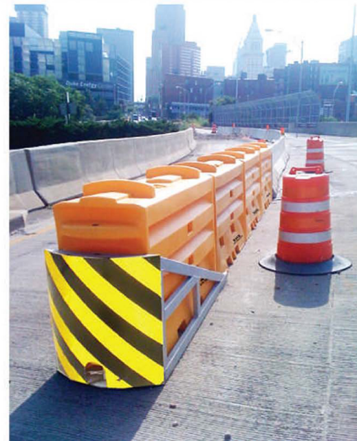
SLED™ TL-3 in Downtown Cincinnati, Ohio
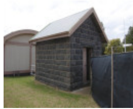
LIFEBOAT STATION SOHE 2008
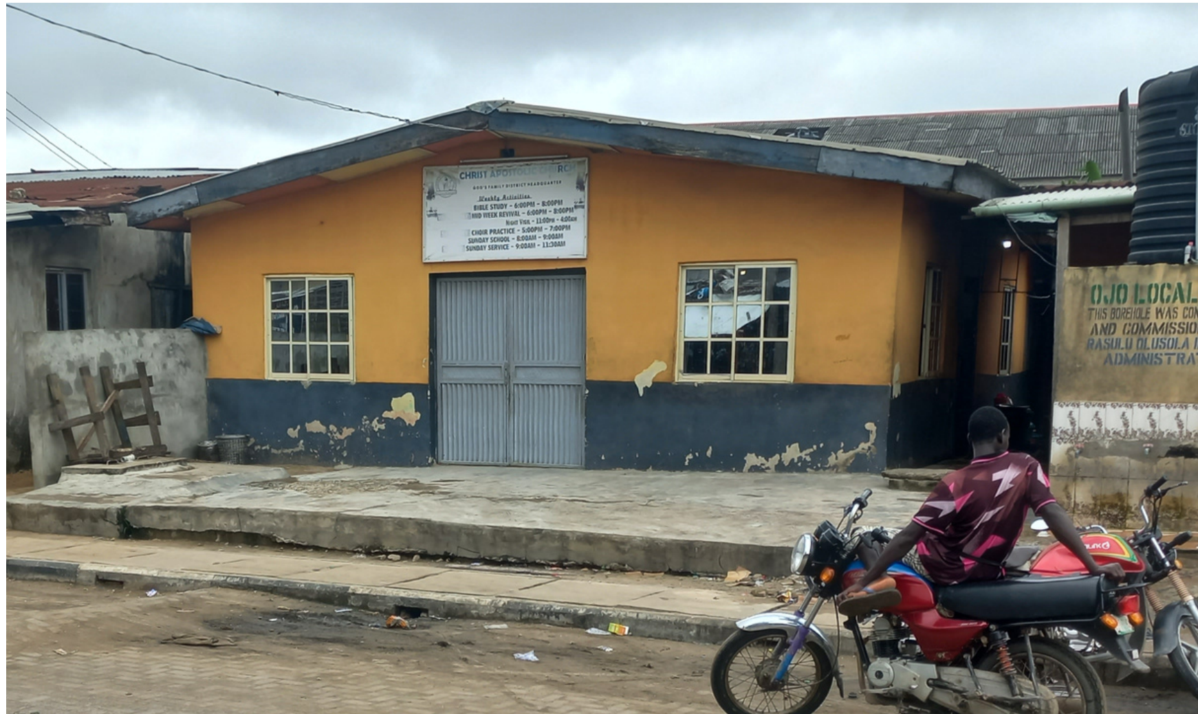
Christ Apostolic Church Along Muwo- Tedi Road, Muwo town, Ojo.
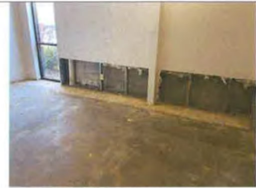
Private Office with water damage

(What this task involves): From the line that contains "Christ Apostolic Church" through the last line of the listing, copy each line exactly; both end lines stay in, and pictures stay out.

(The answer):
Christ Apostolic Church Along Muwo- Tedi Road, Muwo town, Ojo.
Private Office with water damage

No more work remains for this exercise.